JOY FM, an LGBTIQ+ community radio station based in Melbourne began making daily podcasts on the impact of COVID on Australia’s LGBTIQ communities including episodes on the impact of COVID on casual sex, trans and gender diverse people, and people living with HIV. Equality Australia, a national LGBTIQ+ legal advocacy organisation swiftly produced a report on the impact of COVID on LGBTIQ+ people and communities, covering issues such as equity in hospital admission, access to health services, discrimination in healthcare, experiences of domestic and family violence while in lockdown, use of drugs and alcohol while in lockdown, social isolation, and mental health.
For LGBTIQ+ Health organisations and the members of the communities they worked with to produce documents, forums and other sources of information, COVID was understood to be an LGBTIQ+ Health issue.
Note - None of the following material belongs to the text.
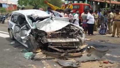 பெரம்பலூர் அருகே கார் மீது லாரி மோதியதில் ஒரே குடும்பத்தை சேர்ந்த 3 பேர் உயிரிழந்த சம்பவம் சோகத்தை ஏற்படுத்தியுள்ளது.

LGBTIQ+ people are constituted throughout this LGBTIQ+-COVID ephemera not just as members of the public but as particularly vulnerable to the social and viral impacts of COVID-19.
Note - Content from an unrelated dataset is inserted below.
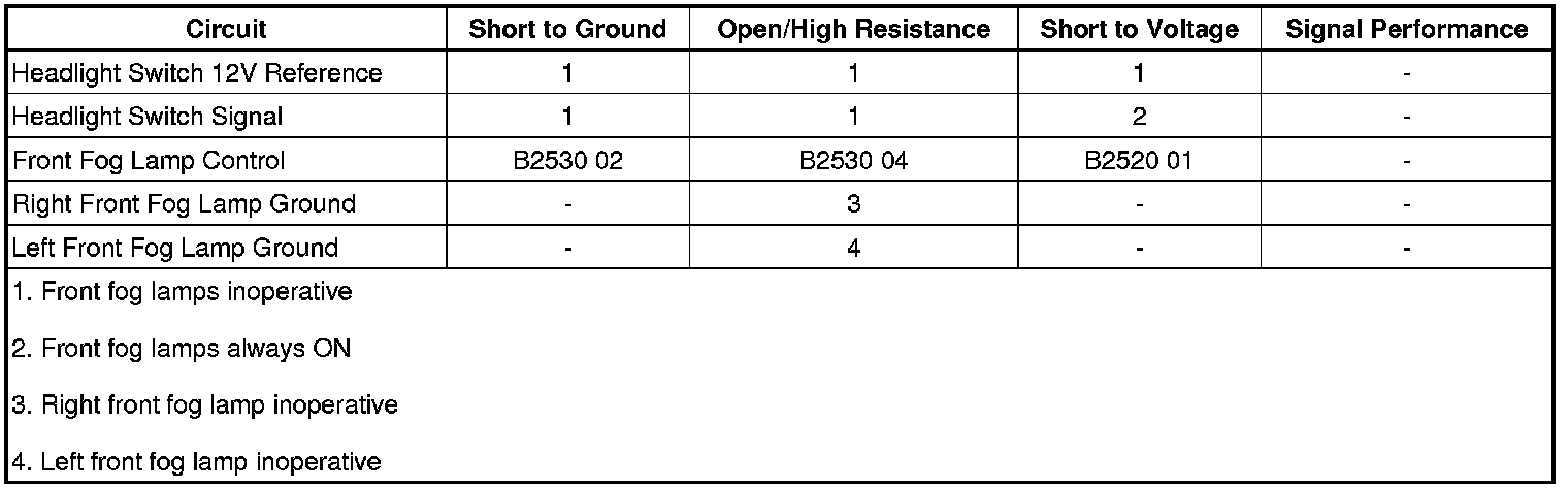 • If any front fog lamp does illuminate, test the signal circuit terminal 31 X1 for a short to voltage.

Early on, this information produced LGBTIQ+ people and communities as a particular category of concern within the broader context of the pandemic. There is an implicit understanding that this vulnerability requires interventions from both LGBTIQ individuals+ and public health institutions.
While COVID-19 is not epidemiologically associated with LGBTIQ communities, these campaigns constitute LGBTIQ people as ‘at-risk’. To borrow Catherine Walby’s articulation that ‘declarations of epidemics are declarations of war’, it is important for us to question how and by whom LGBTIQ people have been brought so clearly into the COVID battleground.
Understanding COVID as a queer health issue is an example of the way in which LGBTIQ+ Health as category is constituting queer people as vulnerable, and at ‘at-risk’ to an increasingly broader range of health issues other than HIV/AIDS. My work examines how LGBTIQ+ people are being produced as a population ‘at-risk’ of ill-health at large, and how the practices, policies and programs that form the category of ‘LGBTIQ+ Health’ have become the central interest of contemporary LGBTIQ+ activism, advocacy and care in Australia.
This category is being formed and reiterated at a time when LGBTIQ+ people have just obtained a new style of citizenship enabling us to get married, raise children, be protected from discrimination at work, and when accessing services. The relationship between the attainment of citizenship and the attainment of public health attention creates questions about the unspoken compromises that our communities make when accepting mainstream care structures. How LGBTIQ+ Health has come into being, how it functions as a category, and how it provides care to LGBTIQ+ people is an insight into contemporary queer citizenship, both as a form of governance and as the exercising of sexual and gender practices, identities, and experiences.
COVID-19 and HIV share the status of being two of the most significant global health events of the last fifty years. The response to both of these viruses has evidenced the health impacts of social marginalisation and disadvantage. The politics of care - who is cared for, by whom, and how that care is administered - is an important topic of critique and investigation as we continue to respond to COVID and as we build the category of LGBTIQ+ Health. As public health practitioners and policy makers, especially those of us working with diverse communities, we should remain attuned to the inequalities of care, mindful that vulnerability discourses risk masking the structures and politics of who and how we care.